Below is a chunk from the MS Website. Microsoft do not document clearly in the USER
documentation what the window is. Ordinary users should not have to buy a Technet CD or go
to a Web site to get documentation on such basic interface behaviour.
From the now obsolete link http://www.microsoft.com/year2000, the Microsoft Year 2000 web site:
Microsoft Products that Store or Manipulate Dates Year Limit
Microsoft Excel 95 ("YYYY" year) 2078
Microsoft Excel 95 ("YY" year) 2019
Microsoft Excel 97 ("YY" year) 2029
Microsoft Excel 97 ("YYYY" year) 9999
Microsoft Excel versions 4, 5, and 7 all interpret "00" to "19" as
short cuts for "2000" to "2019." Microsoft Excel 97 interprets 2-digit
years from "00" to "29" as "2000" to "2029" and
the short cut "30" will resolve to "1930."
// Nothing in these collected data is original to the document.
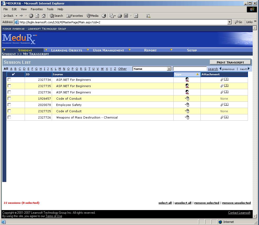 - 4 Close the window by clicking the X in the top right corner System returns to the Sessions Page of MY TRANSCRIPT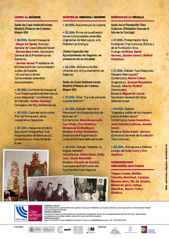Mi amiga Gabriela Grech, con la que compartí mi infancia en Larache, participará con una pequeña muestra de su proyecto Larache/Al-Araich, en la exposición Los hispanojudíos de Marruecos, que se inaugura el próximo lunes 15 de Noviembre en el ámbito de los encuentros sefardíes que tendrán lugar en Madrid, Segovia y Sevilla. La exposición permanecerá abierta aproximadamente durante un mes en la Casa Sefarad de Madrid.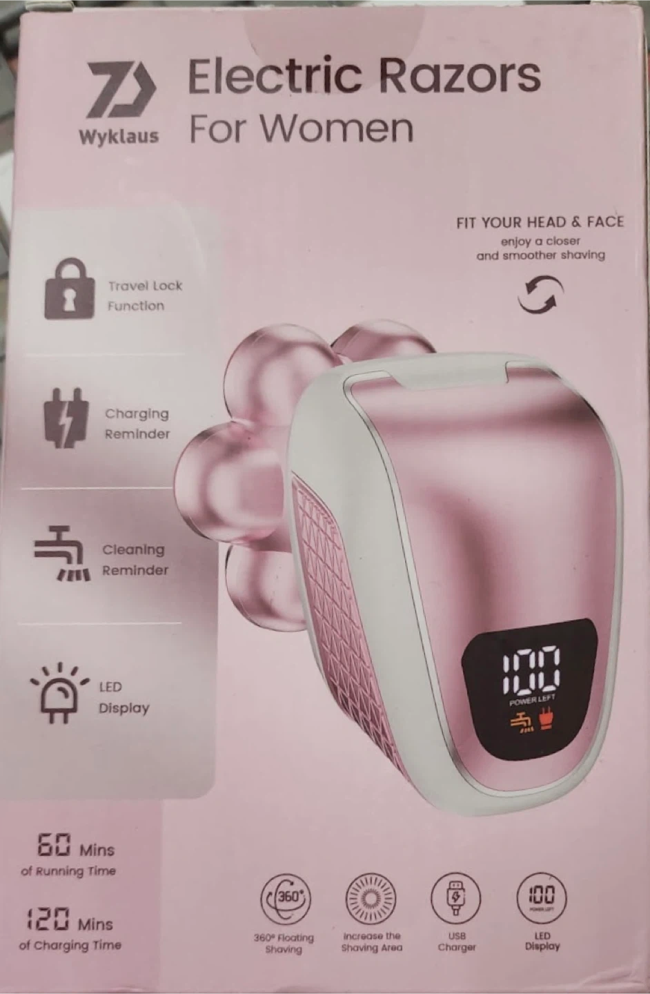 Brand New ( never opened) Wyklaus Electric Razor designed to fit your head and face for a closer and smoother shave. It features a travel lock function, charging reminder, cleaning reminder, and an LED display. It also has a 360° floating shaving head and USB charger. The battery life is about 60 minutes, with a charging time of 120 minutes. Get yours today!

Microsoft had a number of add-ins that are no longer visible on their
download site. Datefix allows you to change the date
format of two-digit-year dates quickly and easily or to modify serial number dates so that
they fall within a specified century.
The Date Migration Wizard handles specific kinds of dates that are in
workbooks created in earlier versions of Excel. These dates use years that are two-digit
numbers between 20 and 29. The Date Watch Wizard changes 2 digit years into 4 digit years at the time of entry.
For Microsoft Excel 97 for Windows
The primary page, from which you can download the add-in wizards
and read summaries of their functions:
XL97: Year 2000 Wizards for Microsoft Excel 97
Article ID: Q176943 http://support.microsoft.com/support/kb/articles/Q176/9/43.asp
For Microsoft Excel 98 for Mac OS
The primary page, from which you can download the add-in wizards
and read summaries of their functions:
XL98: Year 2000 Wizards for Microsoft Excel 98
Article ID: Q193344 http://support.microsoft.com/support/kb/articles/q193/3/44.asp
December 2, 1999 Information Update
When exporting a text file using the Excel object model (such as through VBA), cells
containing dates are formatted using only the last two digits of the year. More
specifically, the U.S. English default short date setting MM/dd/yy (example: 11/25/99 for
November 25, 1999) is automatically used, on all versions of Microsoft Windows except
Windows 2000, regardless of the systems date settings. This behavior is exposed only in
automation and not in a manual save to a text file format, where the current cell
formatting is maintained. This behavior is by design, in order to maintain consistent,
predictable automation results, regardless of locale settings. The export of 2-digit dates
is a side effect of that design, which will be corrected shortly with a product update.
Cells with custom date formatting are not affected. Only users who use VBA to export files
to TXT, PRN, CSV or DIF formats (and are not using Windows 2000) will require this update.